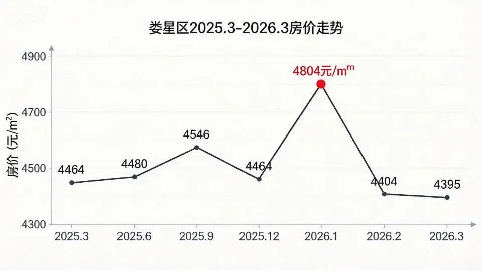 看数据,2026年1月娄星区二手房挂牌均价约4804元/㎡,相比去年高点确实有回落 。
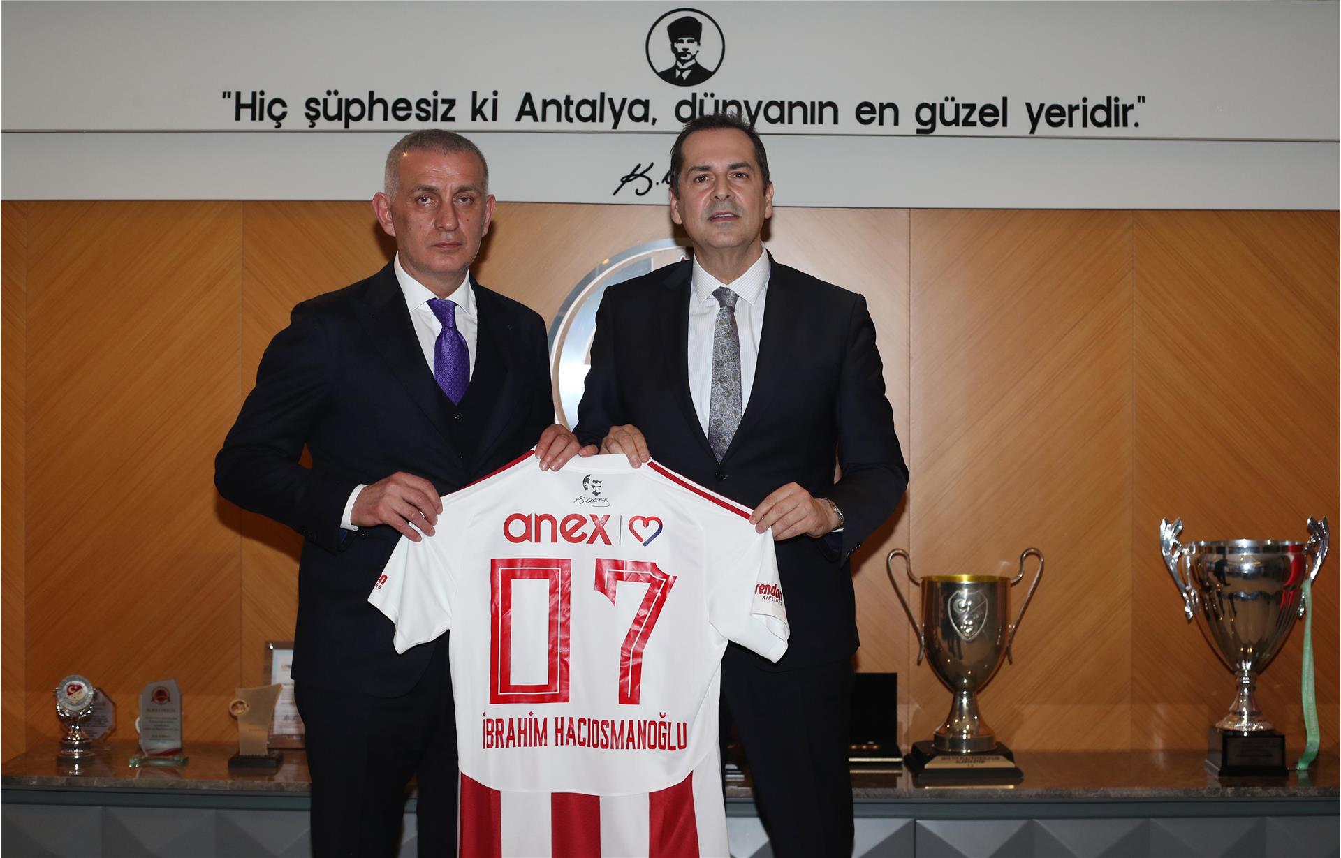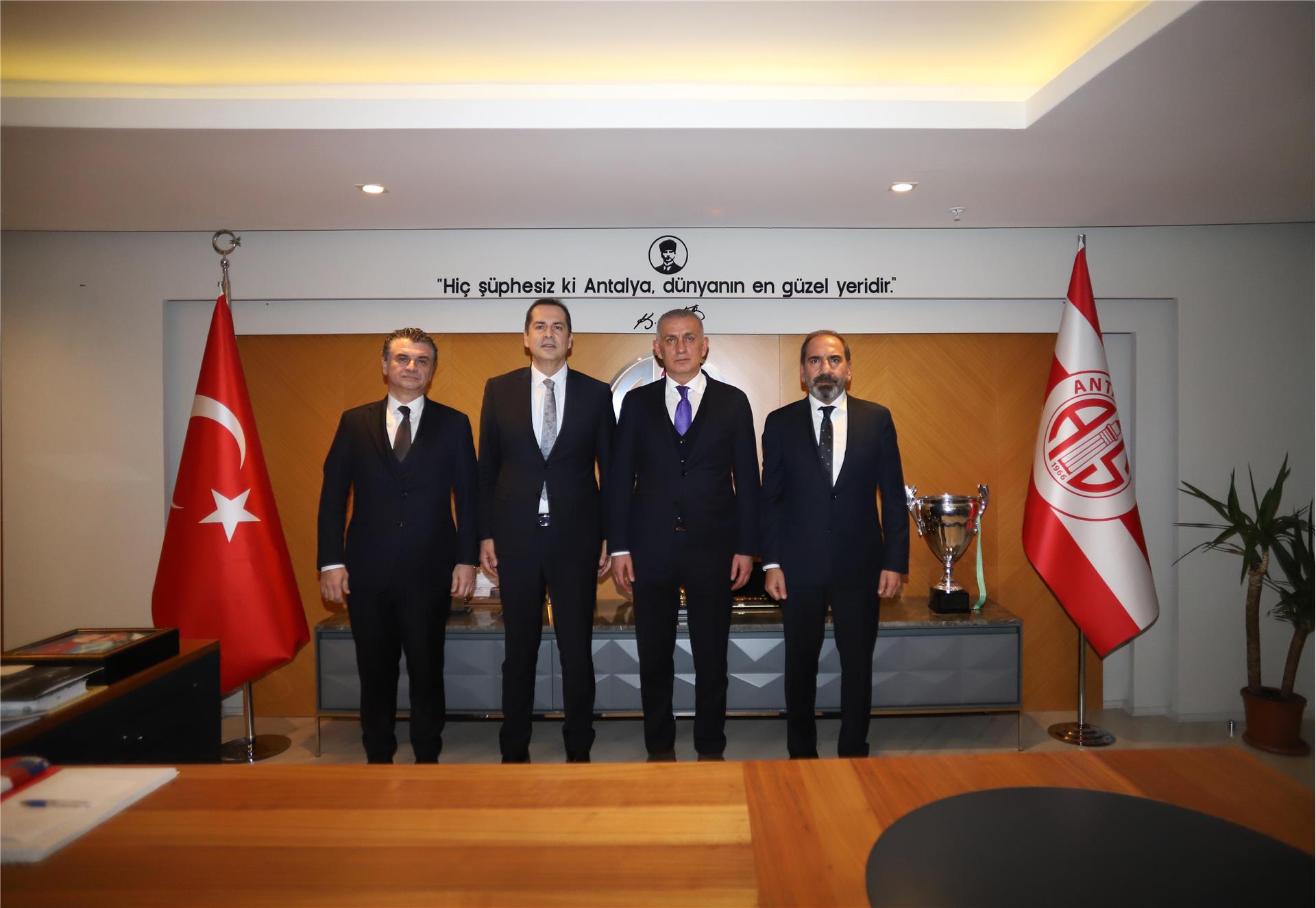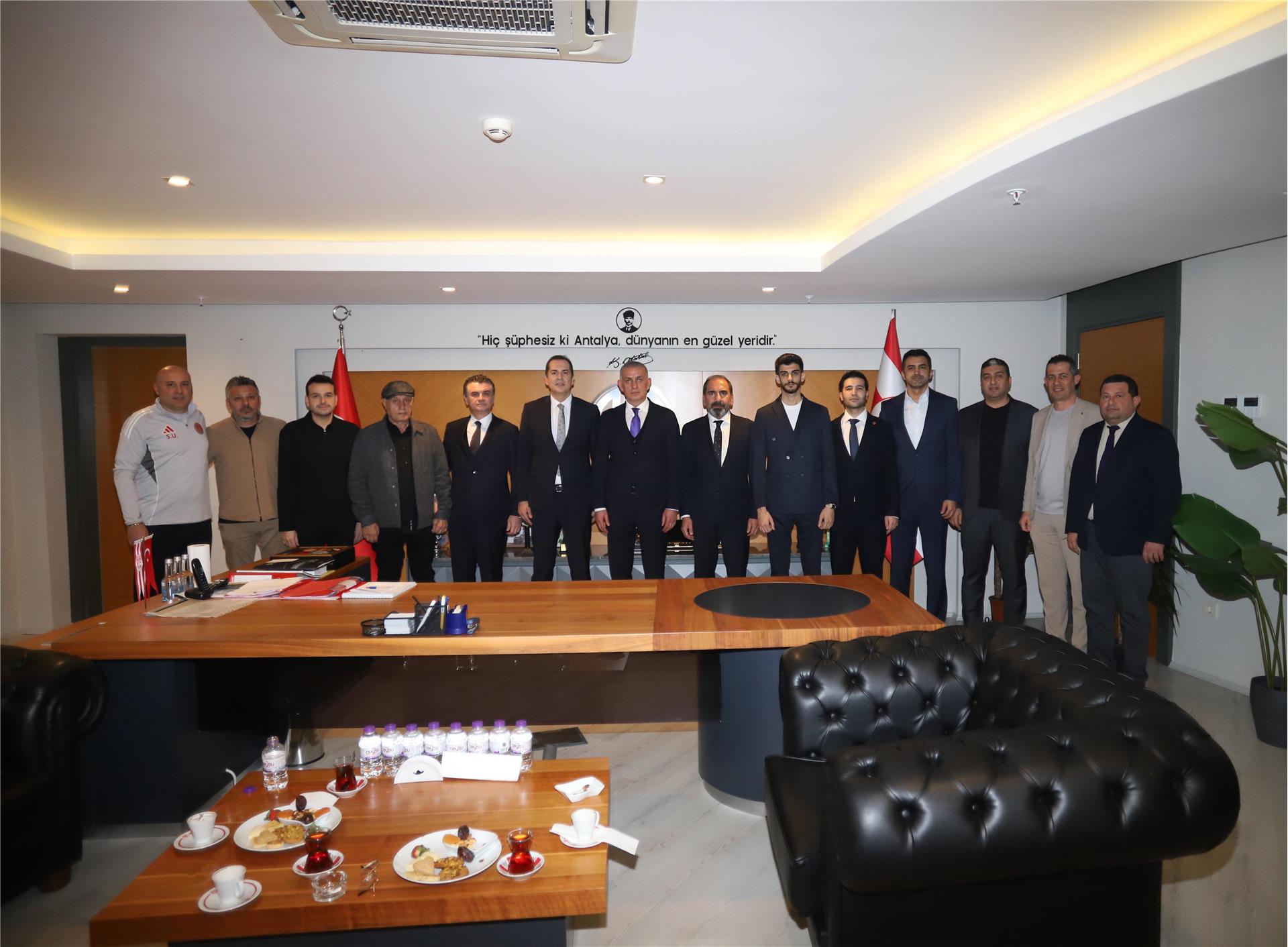 Türkiye Futbol Federasyonu Başkanı Sayın İbrahim Ethem Hacıosmanoğlu, 1. Başkan Vekili Sayın Mecnun Otyakmaz, 2. Başkan Vekili Sayın Fuat Göktaş ve TFF yetkilileri, Atilla Vehbi Konuk Tesisleri'ni ziyaret ederek Başkanımız Rıza Perçin, Antalyaspor AŞ ve Antalyaspor Kulübü yönetim kurulu üyelerimiz ile Teknik Direktörümüz Sami Uğurlu ile bir araya geldi.
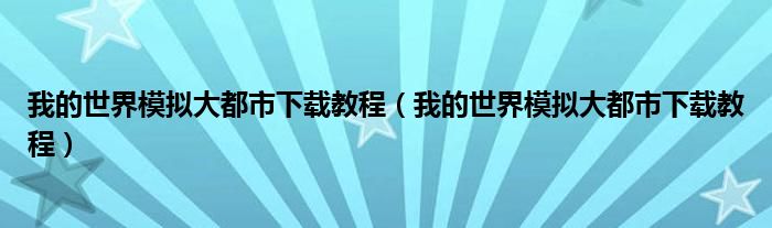 我的世界模拟大都市下载教程(我的世界模拟大都市下载教程),蹲一个热心人,求不嫌弃我笨!
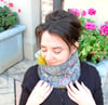Stitches are provisionally cast-on before working the ‘tile’ motif, then a folded hem is created and the inner lining of the cowl worked. The edges are then joined with a 3-needle bind off. You may add, optional, embroidery details over the ‘tile’ motif.

--------

_ASSIGNMENT:_
The result should be a verbatim copy of the data, free of pictures.

_RESULT OF THE TASK:_
 看数据,2026年1月娄星区二手房挂牌均价约4804元/㎡,相比去年高点确实有回落 。
 Türkiye Futbol Federasyonu Başkanı Sayın İbrahim Ethem Hacıosmanoğlu, 1. Başkan Vekili Sayın Mecnun Otyakmaz, 2. Başkan Vekili Sayın Fuat Göktaş ve TFF yetkilileri, Atilla Vehbi Konuk Tesisleri'ni ziyaret ederek Başkanımız Rıza Perçin, Antalyaspor AŞ ve Antalyaspor Kulübü yönetim kurulu üyelerimiz ile Teknik Direktörümüz Sami Uğurlu ile bir araya geldi.
 我的世界模拟大都市下载教程(我的世界模拟大都市下载教程),蹲一个热心人,求不嫌弃我笨!
Stitches are provisionally cast-on before working the ‘tile’ motif, then a folded hem is created and the inner lining of the cowl worked. The edges are then joined with a 3-needle bind off. You may add, optional, embroidery details over the ‘tile’ motif.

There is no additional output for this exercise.